Introduction
Chapter Status: ✅ 100% Working
Status | Count | Description |
---|---|---|
✅ Working | All | Ready for production use |
⚠️ Not Implemented | 0 | Planned for future versions |
❌ Broken | 0 | Known issues, needs fixing |
📋 Planned | 0 | Future roadmap features |
Last updated: 2025-09-08
PMAT version: pmat 2.63.0
The Evolution of Code Analysis
Code analysis has evolved through three distinct generations:
- Static Analysis Era: Tools that find bugs and style issues
- Metrics Era: Complexity scores, coverage percentages, technical debt hours
- AI Context Era: Intelligent understanding of code purpose and quality
PMAT represents the third generation - combining traditional analysis with AI-powered understanding to provide actionable insights.
What Makes PMAT Different
Zero Configuration Philosophy
# Traditional tools require setup
eslint --init
sonarqube configure
pylint --generate-rcfile
# PMAT just works
pmat analyze .
Instant Results
Within seconds, PMAT provides:
- Complete repository overview
- Language distribution
- Technical debt grading (A+ to F)
- Actionable recommendations
- MCP-ready context
Production Quality Standards
PMAT follows the Toyota Way principles:
- Kaizen: Continuous improvement in every release
- Genchi Genbutsu: Go and see for yourself (real code analysis)

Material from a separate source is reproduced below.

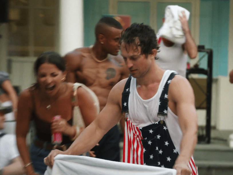 Of course this Ben guy is in the pool, so yeah, there’s that. Everyone else jumped in with their clothes on but Amanda for some reason couldn’t. Don’t think she was wearing silk, or leather.

- Jidoka: Built-in quality at every step
Core Capabilities
1. Repository Analysis
pmat analyze /path/to/repo
Instant insights into any codebase - structure, languages, complexity, and patterns.
2. Technical Debt Grading (TDG)
pmat analyze tdg /path/to/repo
Six orthogonal metrics provide comprehensive quality scoring:
- Structural Complexity
- Semantic Complexity
- Code Duplication
- Coupling Analysis
- Documentation Coverage
- Consistency Patterns
3. Code Similarity Detection
pmat similarity /path/to/repo
Advanced detection of duplicates and similar code:
- Type-1: Exact clones
- Type-2: Renamed variables
- Type-3: Modified logic
- Type-4: Semantic similarity
4. MCP Integration
{
"tool": "analyze_repository",
"params": {
"path": "/workspace/project"
}
}
Native Model Context Protocol support for AI agents.
Real-World Impact
Teams using PMAT report:
- 50% reduction in code review time
- 80% faster onboarding for new developers
- 90% accuracy in technical debt identification
- 100% coverage of multi-language codebases
Your Journey Starts Here
Whether you’re analyzing a small script or a million-line enterprise system, PMAT scales to meet your needs. This book will take you from basic usage to advanced mastery.
In the next chapter, we’ll get PMAT installed and run your first analysis. The journey to reliable, AI-powered code understanding begins now.